· Vatican City ·

The shame of a society that has lost its ability to mourn and pity others

 The shame of a society that has lost its ability to mourn and pity others  ING-028
14 July 2023

There is a “painful and deafening cry” that arises from the death of innocents, which “cannot leave us indifferent”, the Pope wrote in a letter to Archbishop Alessandro Damiano of Agrigento, as he “returned” to Lampedusa 10 years after his visit to the Sicilian island, which he had chosen as the destination for his first Apostolic Journey some four months after his election. He returned to the homily he had delivered on 8 July 2013, repeating those same three questions he had asked then and that continue to burn intensely today.
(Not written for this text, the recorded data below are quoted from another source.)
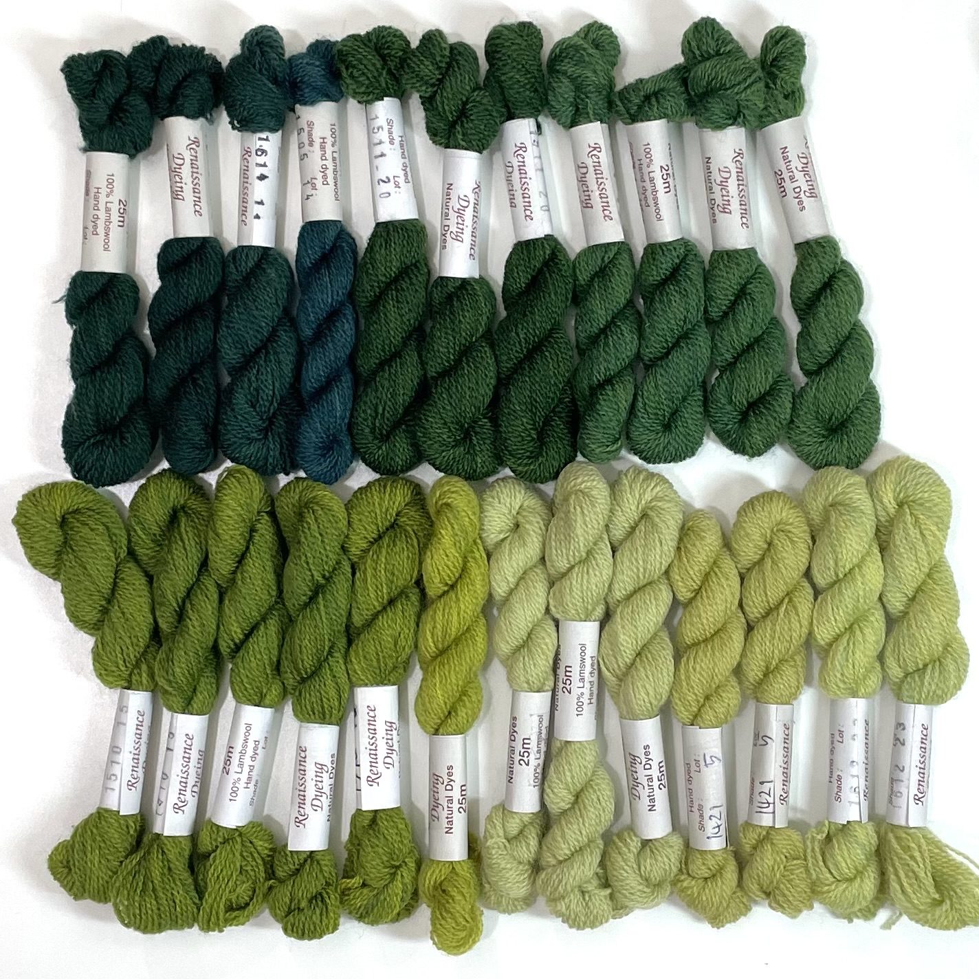 Includes 24 skeins of fine crewel weight lambswool.
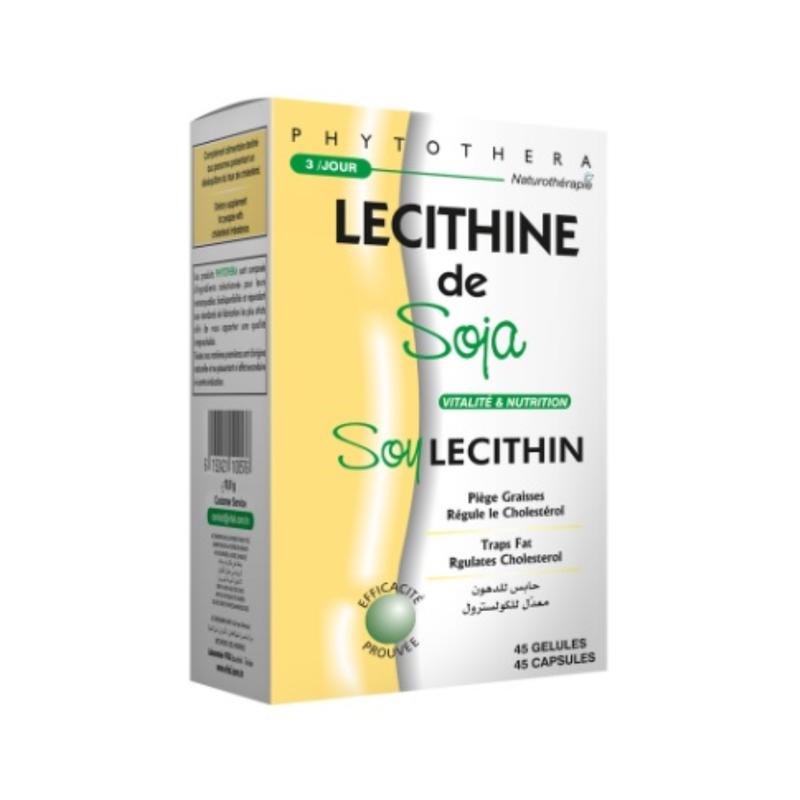 Phytothéra Lécithine de Soja 45 Gélules aide à piéger les graisses, réguler le cholestérol et stimuler la mémoire grâce à la phosphatidylcholine de soja.
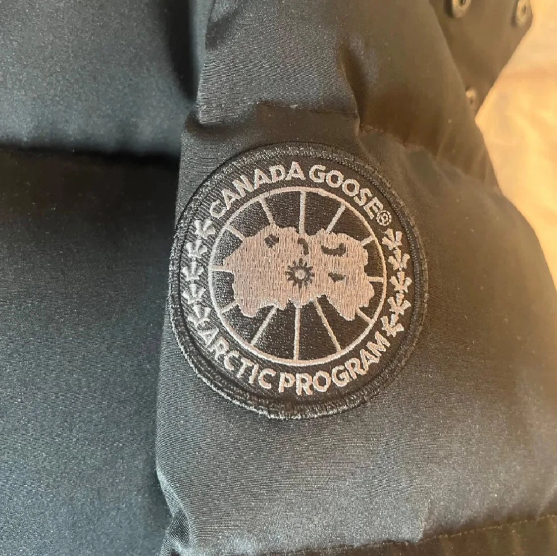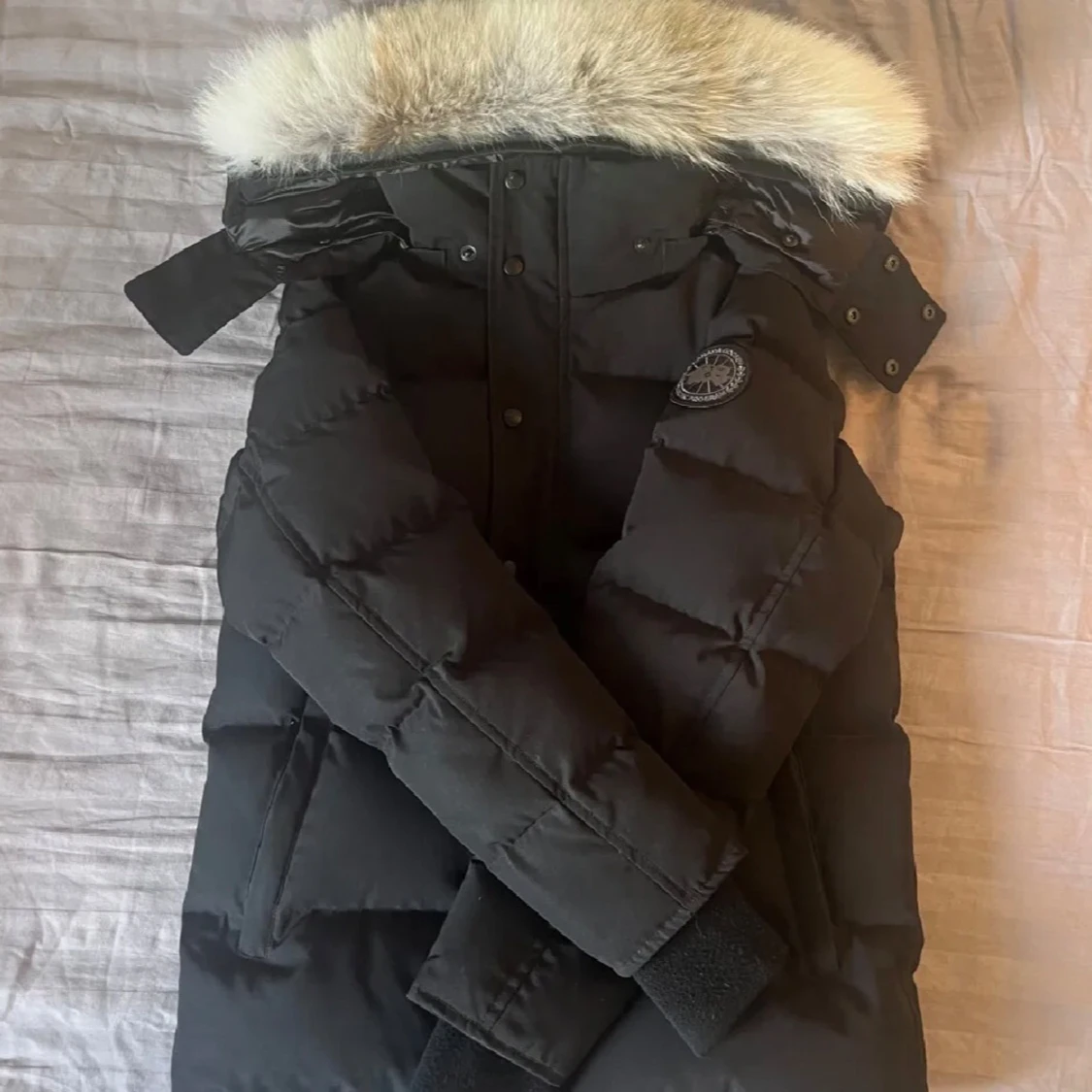 Säljer en svart dunjacka från Canada Goose (black lable) med stor fluffig päls runt huvan. Jackan har lång ärm, dragkedja och knappar framtill samt ribbade muddar. Klassisk patch på ärmen. Perfekt för kalla dagar. Priset kan diskuteras!

In the letter to Archbishop Damiano, Pope Francis summed up and reproposed the first two questions, taken from the Bible, because the “occurrence of such inhuman disasters must utterly shake consciences. God still asks us: ‘Adam, where are you? Where is your brother?’”. Jesus answered these two questions with the new commandment of one love, but divided into two directions: “vertical” and “horizontal”.

They are questions addressed to those who have “lost their bearings”, as the Pope said 10 years ago. At that time, he had also added a third question, asking how many of us had cried over all those deaths at sea. In other words, whether we still had the gift of tears or if the “globalisation of indifference” had withered our hearts. And he prayed to God “for the grace to weep” and ask forgiveness for our “deadened” hearts, a result of our material well-being. In that homily, the Holy Father had confided that the thought of all the dead in the Mediterranean Sea had constantly come back to him: “like a painful thorn in my heart”. That thorn had spurred him to make a move and to choose Lampedusa as the first of his over 40 Apostolic Journeys. Speaking to a group of artists on 27 May, the Pope used the same imagery of a thorn in our hearts: the words of “authors helped me to understand myself, the world and my people, but also to understand more profoundly the human heart [...] Literature is like a thorn in the heart; it moves us to contemplation and sets us on a journey”. Words and stories can become thorns, voices that reawaken consciences and spur us into action, a responsibility that falls not just to artists, but to all who work in communication. It is also, he stressed in his letter to Archbishop Damiano, the responsibility of the Church, who must come out of herself in order to be truly prophetic.

It is a responsibility which is even more urgent today. Indeed, 10 years later we can say that the world has changed, the winds of global politics have shifted towards tendencies of greater closure rather than welcome. There was a global pandemic, and the “pieces” of the third world war appear to have welded. Those questions remain, and they are heavier and more scalding. Perhaps we should add a fourth one: have we recovered the capacity “to weep and have compassion towards others?”. Or have indifference and fear completely deadened our hearts?